The Food and Drug Administration (FDA) of the US Department of Health and Human Services is entrusted with the responsibility to regulate ECG medical devices and drugs in order to certify their safety and efficacy. Consequently, regulatory decisions are known to be significant driving forces for the research and development strategies of academic and private organizations. Currently, the Agency is facing a challenging issue in assessing the torsadogenic properties of new cardiac and noncardiac drugs because of the lack of appropriate surrogate markers. Indeed, the QT interval prolongation measured from standard 12‐lead surface electrocardiograms (ECGs) has been shown to have very strong limitations for predicting the risk of drug‐induced torsades de pointes. Consequently, the field of quantitative electrocardiography has become directly impacted by this regulatory concern creating significant scientific and commercial momentum around the development of better ECG technologies.

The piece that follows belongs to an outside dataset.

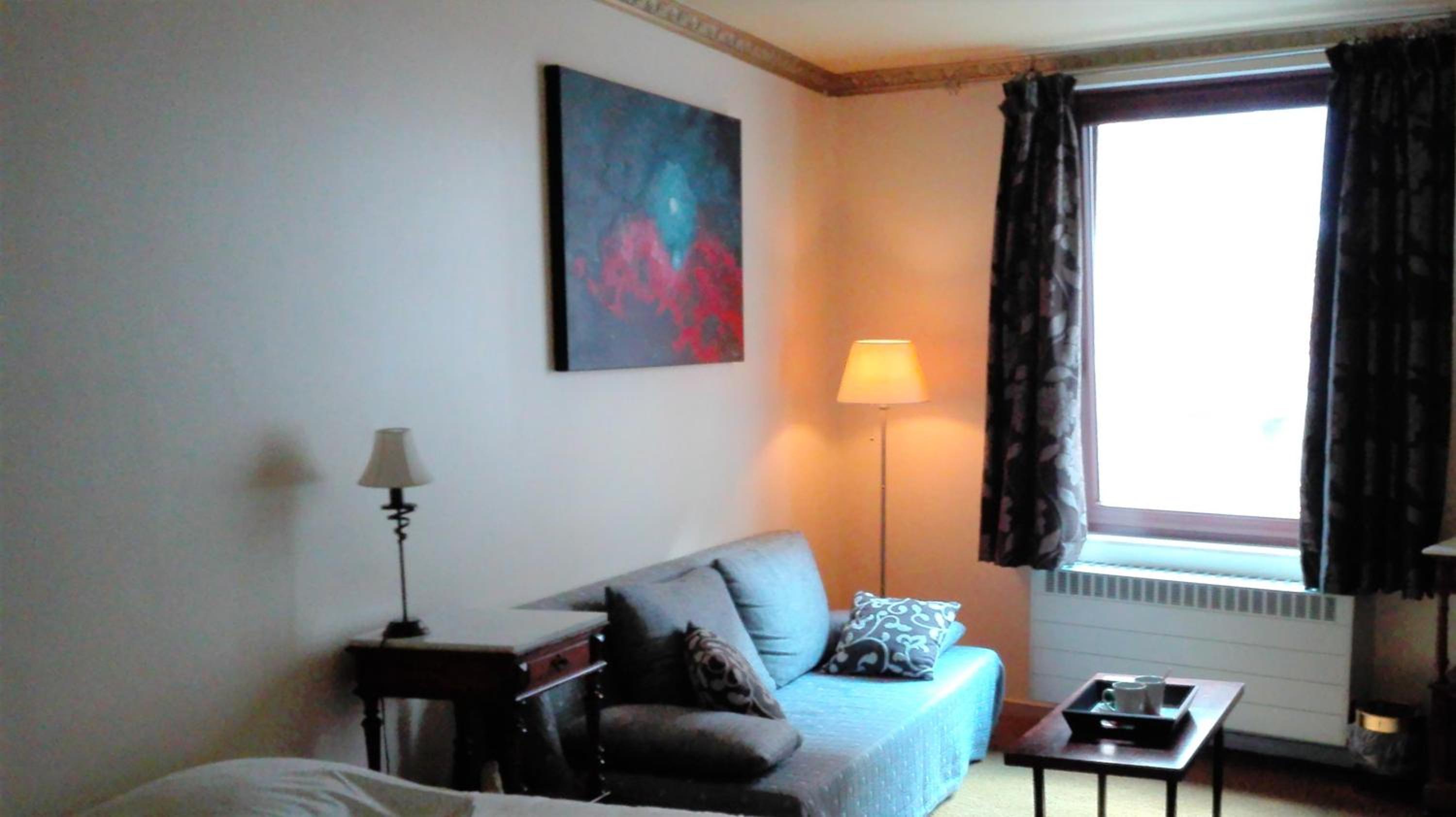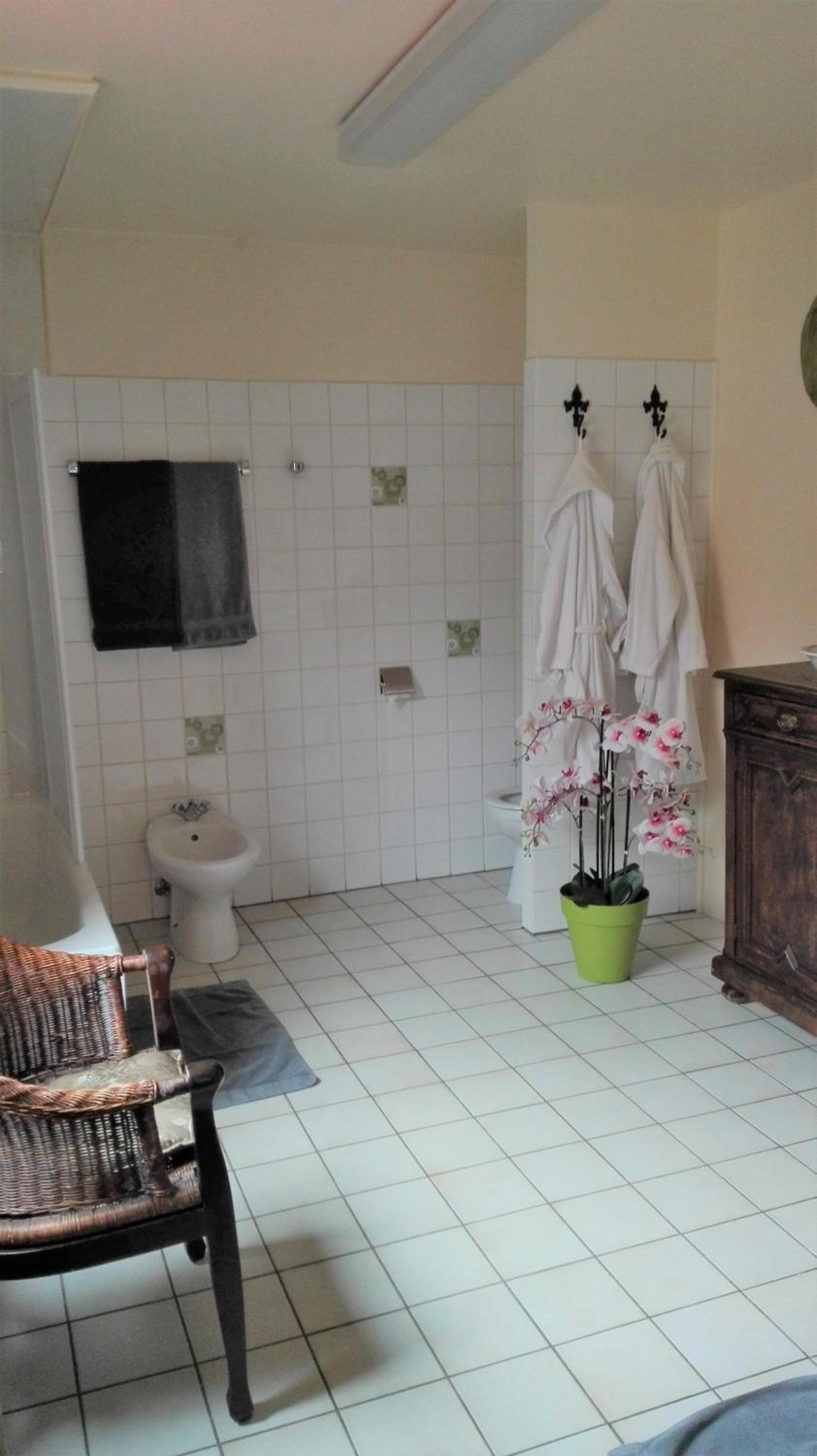 La chambre est très spacieuse, le lit confortable, et la salle de bain correcte (pas très moderne, mais tout à fait suffisante).

This regulatory concern was raised following the market approval of cisapride and terfenadine; these drugs became blockbusters in the US market after couple of years and were removed from the market following numerous reports about their torsadogenic properties. These drugs have been associated with a reduction of the rapidly activating inward rectifier repolarizing currents (Ikr) leading to a delay of the recovery phase of the heart ventricles (and a 5–10 ms QTc interval prolongation on the surface ECGs). 1 , 2 The torsadogenic role of these drugs is clear, yet the underlying arrhythmogenic mechanism remains to be elucidated.
Currently, the FDA requires from pharmaceutical companies that the QT‐prolonging properties of any novel compound to be assessed using clinical trials specifically designed for this purpose (the thorough QT studies). 3 The level of precision required for QT measurements in these trials is much larger than the one expected in ECG equipment designed for clinical use.
Significant efforts to improve the QT technologies have been made during these past 5 years, and this supplement includes a set of articles from ECG equipment companies and academic groups providing an in‐depth review of the QT issues and of selected QT technologies.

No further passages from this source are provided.